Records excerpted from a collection

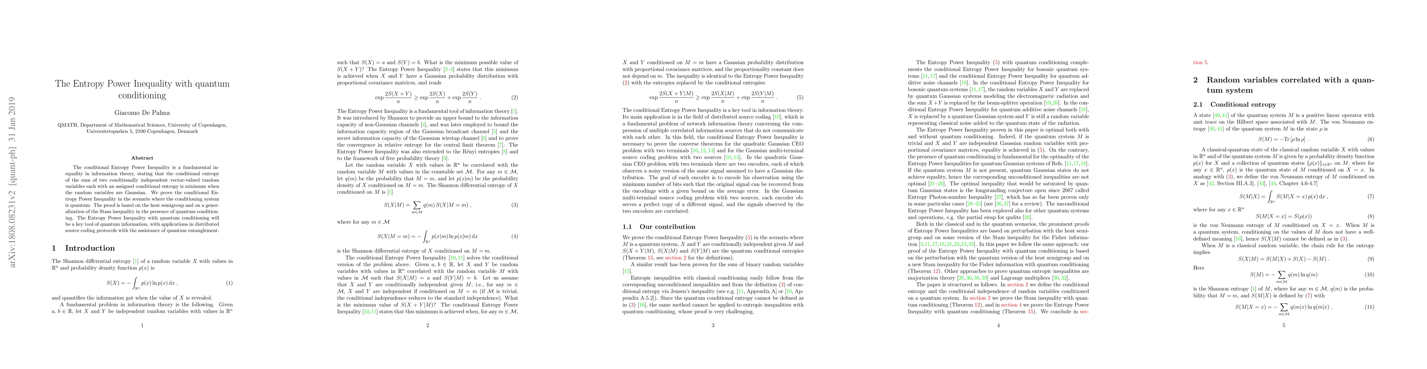 The paper proves the conditional entropy power inequality for quantum-conditioned systems using the heat semigroup and a generalized Stam inequality. This result will be crucial for quantum information theory, particularly in quantum distributed source coding protocols leveraging quantum entanglement.
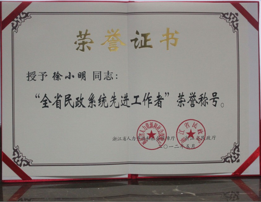 2012徐小明获全省民政系统先进工作者201205
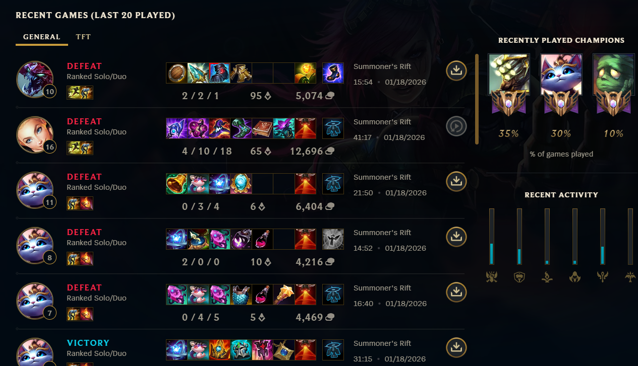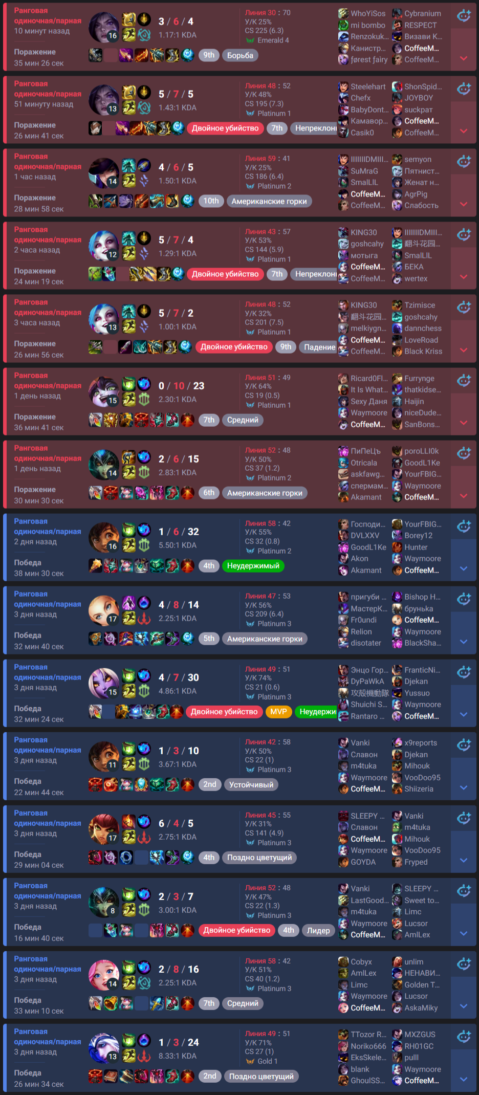 >>50689257 Я играю с... 2023, вроде. Как я уже говорил я 1к+ игр провёл в обычке вообще не понимая что происходит, и только в конце прошлого года начал задумываться что я делаю не так. Ну и игры обычно проходят как пикрил, ясика я ебал на лайне, потом уже всё. Топ проебал, бот проебал, 1в9 я играть пока что не научился...
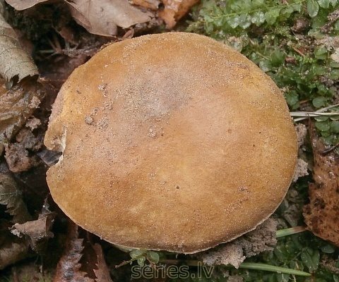 Kastaņu smilšbekas oranžbrūnajai vai kastaņbrūnajai cepurītei augšpuse ir sausa (bez gļotām vai tml.) un gluda (ne samtaina, plūksnaina vai tml.).
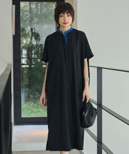 ■デザイン分量感がポイントのバンドカラーワンピースです。襟元と比翼奥には配色のディテールを入れ、ボリューム感はありつつもすっきりと引き締めたデザインが特徴です。ボタンを開けて少し後ろに抜くとより配色感が出ておすすめです。動きのあるヘムデザインで一枚で着映える一着。
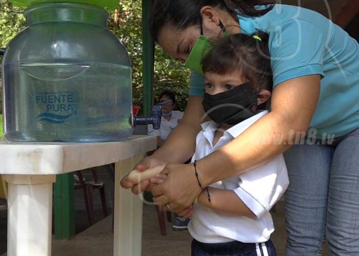 “Estamos tomando todas las medidas para la protección de nuestros niños y el personal que labora, implementamos el lavado de manos desde que los niños acceden al centro. Tenemos recipientes con agua limpia, alcohol en gel, toallas húmedas para la higiene de los niños, tanto los niños como los docentes usan de manera permanente el tapabocas, el distanciamiento social y con toallas limpias y desinfectantes limpiamos todas las áreas donde los niños reciben sus clases, su merienda, donde juegan y donde duermen”, manifestó Berling López, responsable del CDI Masachapa.
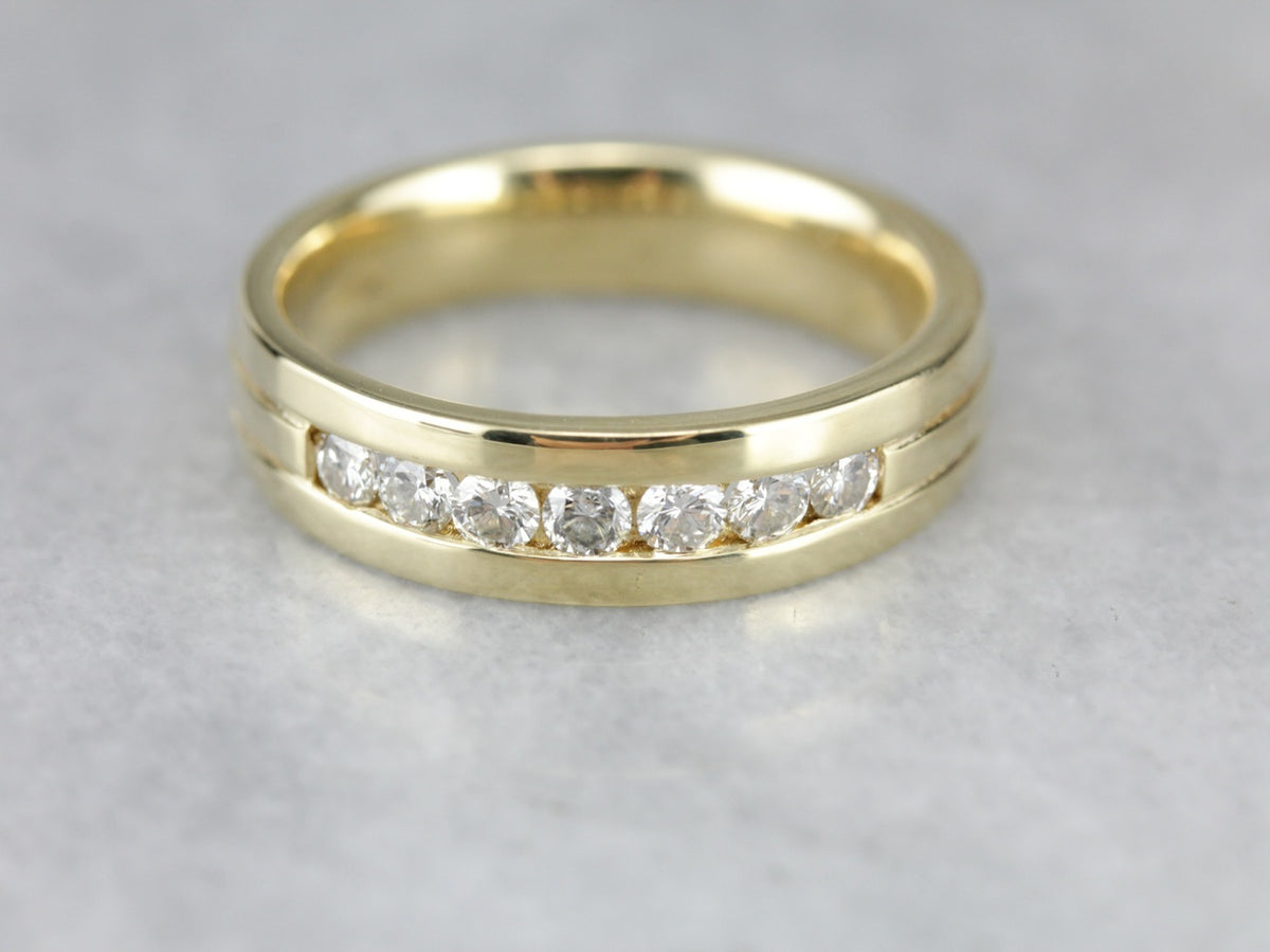 You cannot go wrong with the simplistic beauty of this channel set wedding band! Crafted from 18 karat green gold and set with seven quality diamonds, the band is also a comfort fit, which means that the interior of the band has smooth edges, making the band feel silky and comfortable on the finger!

Work required: An exact retyping of each record, with no pictures, is the answer required.

Answer space:
 The paper proves the conditional entropy power inequality for quantum-conditioned systems using the heat semigroup and a generalized Stam inequality. This result will be crucial for quantum information theory, particularly in quantum distributed source coding protocols leveraging quantum entanglement.
 2012徐小明获全省民政系统先进工作者201205
 >>50689257 Я играю с... 2023, вроде. Как я уже говорил я 1к+ игр провёл в обычке вообще не понимая что происходит, и только в конце прошлого года начал задумываться что я делаю не так. Ну и игры обычно проходят как пикрил, ясика я ебал на лайне, потом уже всё. Топ проебал, бот проебал, 1в9 я играть пока что не научился...
 Kastaņu smilšbekas oranžbrūnajai vai kastaņbrūnajai cepurītei augšpuse ir sausa (bez gļotām vai tml.) un gluda (ne samtaina, plūksnaina vai tml.).
 ■デザイン分量感がポイントのバンドカラーワンピースです。襟元と比翼奥には配色のディテールを入れ、ボリューム感はありつつもすっきりと引き締めたデザインが特徴です。ボタンを開けて少し後ろに抜くとより配色感が出ておすすめです。動きのあるヘムデザインで一枚で着映える一着。
 “Estamos tomando todas las medidas para la protección de nuestros niños y el personal que labora, implementamos el lavado de manos desde que los niños acceden al centro. Tenemos recipientes con agua limpia, alcohol en gel, toallas húmedas para la higiene de los niños, tanto los niños como los docentes usan de manera permanente el tapabocas, el distanciamiento social y con toallas limpias y desinfectantes limpiamos todas las áreas donde los niños reciben sus clases, su merienda, donde juegan y donde duermen”, manifestó Berling López, responsable del CDI Masachapa.
 You cannot go wrong with the simplistic beauty of this channel set wedding band! Crafted from 18 karat green gold and set with seven quality diamonds, the band is also a comfort fit, which means that the interior of the band has smooth edges, making the band feel silky and comfortable on the finger!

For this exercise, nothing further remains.